WHAT THE TASK REQUIRES ▸
Your copy should repeat each record exactly and contain none of the pictures.
--- START ---
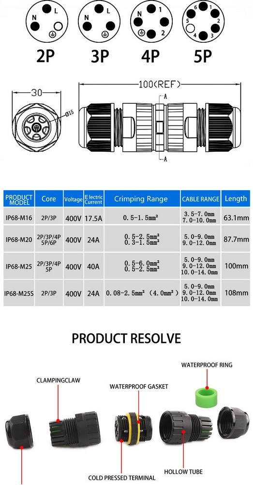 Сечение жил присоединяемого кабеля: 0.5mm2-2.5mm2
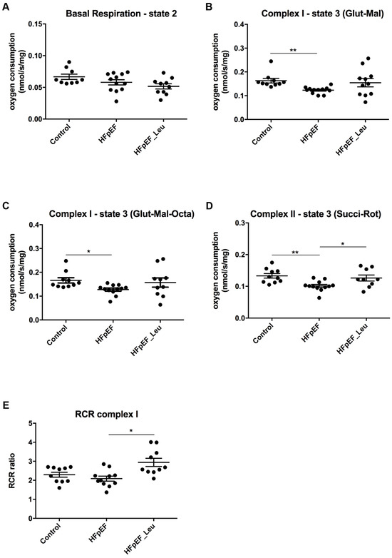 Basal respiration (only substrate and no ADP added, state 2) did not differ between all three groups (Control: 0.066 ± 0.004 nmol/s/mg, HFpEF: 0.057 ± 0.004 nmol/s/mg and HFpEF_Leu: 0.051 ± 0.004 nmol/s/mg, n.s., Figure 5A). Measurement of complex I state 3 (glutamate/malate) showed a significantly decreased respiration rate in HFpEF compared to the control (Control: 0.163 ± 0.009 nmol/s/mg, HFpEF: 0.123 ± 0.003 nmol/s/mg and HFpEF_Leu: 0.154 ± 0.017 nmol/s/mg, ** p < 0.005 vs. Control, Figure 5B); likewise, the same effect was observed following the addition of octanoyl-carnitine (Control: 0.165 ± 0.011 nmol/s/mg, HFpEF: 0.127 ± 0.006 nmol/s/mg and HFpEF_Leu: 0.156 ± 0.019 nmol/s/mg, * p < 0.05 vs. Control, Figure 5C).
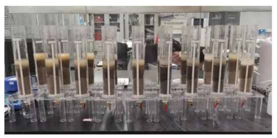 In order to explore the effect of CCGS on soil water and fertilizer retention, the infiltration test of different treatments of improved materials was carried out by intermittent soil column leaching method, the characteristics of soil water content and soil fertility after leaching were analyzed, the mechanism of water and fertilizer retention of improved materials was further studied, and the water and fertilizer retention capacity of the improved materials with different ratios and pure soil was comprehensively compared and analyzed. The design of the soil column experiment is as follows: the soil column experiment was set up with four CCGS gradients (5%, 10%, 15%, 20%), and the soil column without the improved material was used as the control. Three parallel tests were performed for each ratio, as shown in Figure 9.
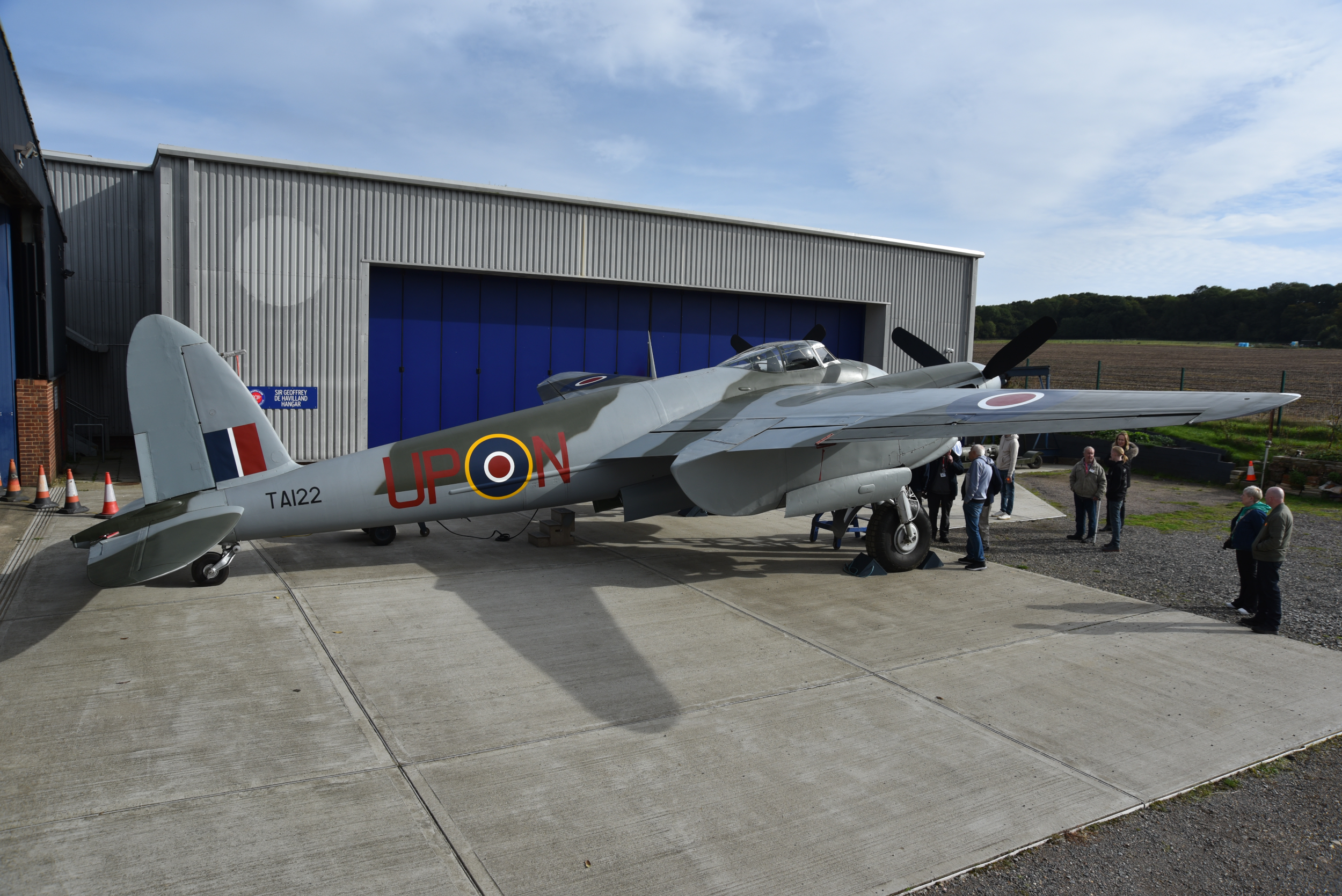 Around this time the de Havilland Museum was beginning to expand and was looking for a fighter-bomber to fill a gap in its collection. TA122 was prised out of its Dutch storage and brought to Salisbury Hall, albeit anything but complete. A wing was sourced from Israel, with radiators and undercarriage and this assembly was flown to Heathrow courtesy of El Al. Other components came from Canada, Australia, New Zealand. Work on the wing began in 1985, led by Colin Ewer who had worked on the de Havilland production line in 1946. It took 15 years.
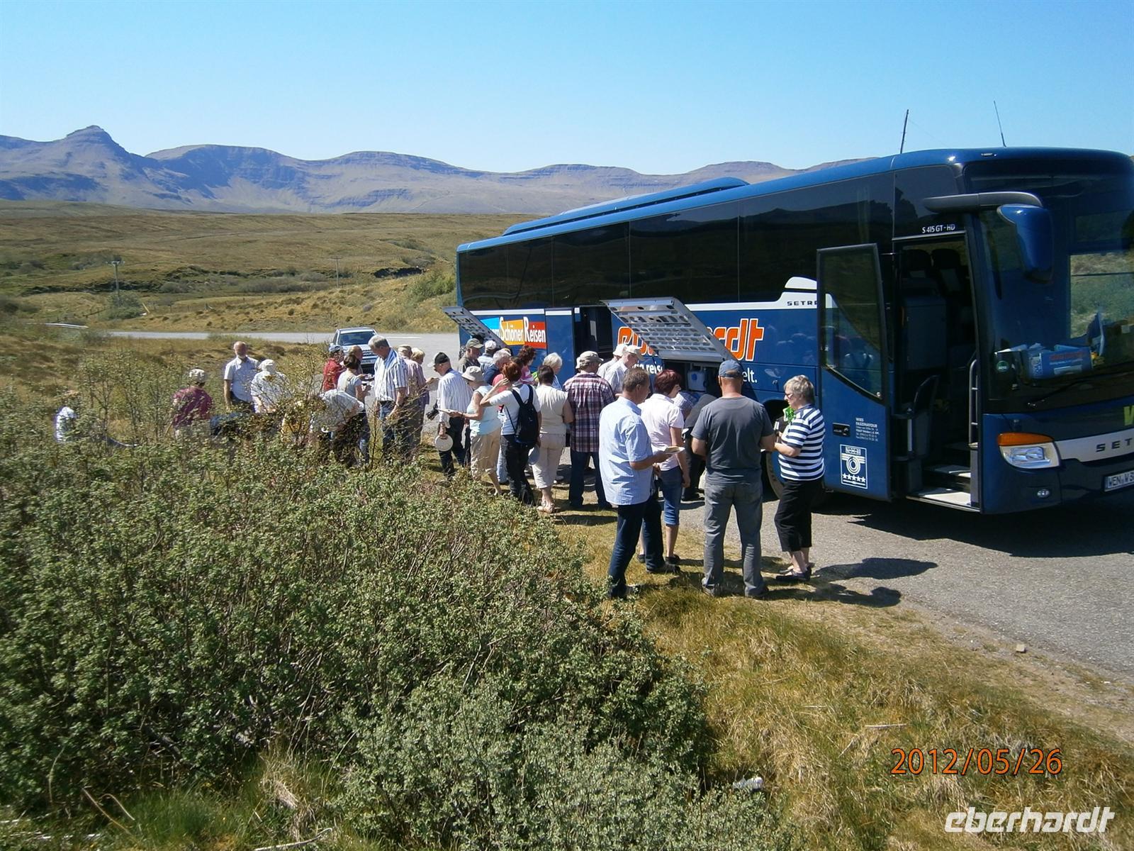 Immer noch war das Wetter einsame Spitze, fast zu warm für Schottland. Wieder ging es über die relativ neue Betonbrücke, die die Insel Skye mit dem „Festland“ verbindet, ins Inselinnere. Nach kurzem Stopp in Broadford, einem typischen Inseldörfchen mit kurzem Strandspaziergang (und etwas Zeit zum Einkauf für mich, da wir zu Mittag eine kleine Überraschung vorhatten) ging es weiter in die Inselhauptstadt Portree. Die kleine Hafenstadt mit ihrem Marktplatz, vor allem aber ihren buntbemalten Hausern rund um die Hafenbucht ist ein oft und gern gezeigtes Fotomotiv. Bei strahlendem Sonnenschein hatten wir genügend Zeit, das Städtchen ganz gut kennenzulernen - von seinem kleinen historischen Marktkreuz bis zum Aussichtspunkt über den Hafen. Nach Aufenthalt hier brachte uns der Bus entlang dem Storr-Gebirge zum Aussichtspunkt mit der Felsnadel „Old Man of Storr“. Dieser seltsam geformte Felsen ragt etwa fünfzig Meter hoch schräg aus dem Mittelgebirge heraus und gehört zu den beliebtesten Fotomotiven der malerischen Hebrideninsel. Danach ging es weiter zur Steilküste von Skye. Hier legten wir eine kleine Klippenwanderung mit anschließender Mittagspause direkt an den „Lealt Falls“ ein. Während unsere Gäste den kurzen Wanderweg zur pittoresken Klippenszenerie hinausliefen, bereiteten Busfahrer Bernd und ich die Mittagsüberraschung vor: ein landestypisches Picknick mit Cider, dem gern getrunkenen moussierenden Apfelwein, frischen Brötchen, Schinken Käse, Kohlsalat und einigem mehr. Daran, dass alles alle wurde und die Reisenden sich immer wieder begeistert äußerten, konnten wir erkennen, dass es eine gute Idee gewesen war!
--- END ---
EXERCISE OUTPUT ▸
 Сечение жил присоединяемого кабеля: 0.5mm2-2.5mm2
 Basal respiration (only substrate and no ADP added, state 2) did not differ between all three groups (Control: 0.066 ± 0.004 nmol/s/mg, HFpEF: 0.057 ± 0.004 nmol/s/mg and HFpEF_Leu: 0.051 ± 0.004 nmol/s/mg, n.s., Figure 5A). Measurement of complex I state 3 (glutamate/malate) showed a significantly decreased respiration rate in HFpEF compared to the control (Control: 0.163 ± 0.009 nmol/s/mg, HFpEF: 0.123 ± 0.003 nmol/s/mg and HFpEF_Leu: 0.154 ± 0.017 nmol/s/mg, ** p < 0.005 vs. Control, Figure 5B); likewise, the same effect was observed following the addition of octanoyl-carnitine (Control: 0.165 ± 0.011 nmol/s/mg, HFpEF: 0.127 ± 0.006 nmol/s/mg and HFpEF_Leu: 0.156 ± 0.019 nmol/s/mg, * p < 0.05 vs. Control, Figure 5C).
 In order to explore the effect of CCGS on soil water and fertilizer retention, the infiltration test of different treatments of improved materials was carried out by intermittent soil column leaching method, the characteristics of soil water content and soil fertility after leaching were analyzed, the mechanism of water and fertilizer retention of improved materials was further studied, and the water and fertilizer retention capacity of the improved materials with different ratios and pure soil was comprehensively compared and analyzed. The design of the soil column experiment is as follows: the soil column experiment was set up with four CCGS gradients (5%, 10%, 15%, 20%), and the soil column without the improved material was used as the control. Three parallel tests were performed for each ratio, as shown in Figure 9.
 Around this time the de Havilland Museum was beginning to expand and was looking for a fighter-bomber to fill a gap in its collection. TA122 was prised out of its Dutch storage and brought to Salisbury Hall, albeit anything but complete. A wing was sourced from Israel, with radiators and undercarriage and this assembly was flown to Heathrow courtesy of El Al. Other components came from Canada, Australia, New Zealand. Work on the wing began in 1985, led by Colin Ewer who had worked on the de Havilland production line in 1946. It took 15 years.
 Immer noch war das Wetter einsame Spitze, fast zu warm für Schottland. Wieder ging es über die relativ neue Betonbrücke, die die Insel Skye mit dem „Festland“ verbindet, ins Inselinnere. Nach kurzem Stopp in Broadford, einem typischen Inseldörfchen mit kurzem Strandspaziergang (und etwas Zeit zum Einkauf für mich, da wir zu Mittag eine kleine Überraschung vorhatten) ging es weiter in die Inselhauptstadt Portree. Die kleine Hafenstadt mit ihrem Marktplatz, vor allem aber ihren buntbemalten Hausern rund um die Hafenbucht ist ein oft und gern gezeigtes Fotomotiv. Bei strahlendem Sonnenschein hatten wir genügend Zeit, das Städtchen ganz gut kennenzulernen - von seinem kleinen historischen Marktkreuz bis zum Aussichtspunkt über den Hafen. Nach Aufenthalt hier brachte uns der Bus entlang dem Storr-Gebirge zum Aussichtspunkt mit der Felsnadel „Old Man of Storr“. Dieser seltsam geformte Felsen ragt etwa fünfzig Meter hoch schräg aus dem Mittelgebirge heraus und gehört zu den beliebtesten Fotomotiven der malerischen Hebrideninsel. Danach ging es weiter zur Steilküste von Skye. Hier legten wir eine kleine Klippenwanderung mit anschließender Mittagspause direkt an den „Lealt Falls“ ein. Während unsere Gäste den kurzen Wanderweg zur pittoresken Klippenszenerie hinausliefen, bereiteten Busfahrer Bernd und ich die Mittagsüberraschung vor: ein landestypisches Picknick mit Cider, dem gern getrunkenen moussierenden Apfelwein, frischen Brötchen, Schinken Käse, Kohlsalat und einigem mehr. Daran, dass alles alle wurde und die Reisenden sich immer wieder begeistert äußerten, konnten wir erkennen, dass es eine gute Idee gewesen war!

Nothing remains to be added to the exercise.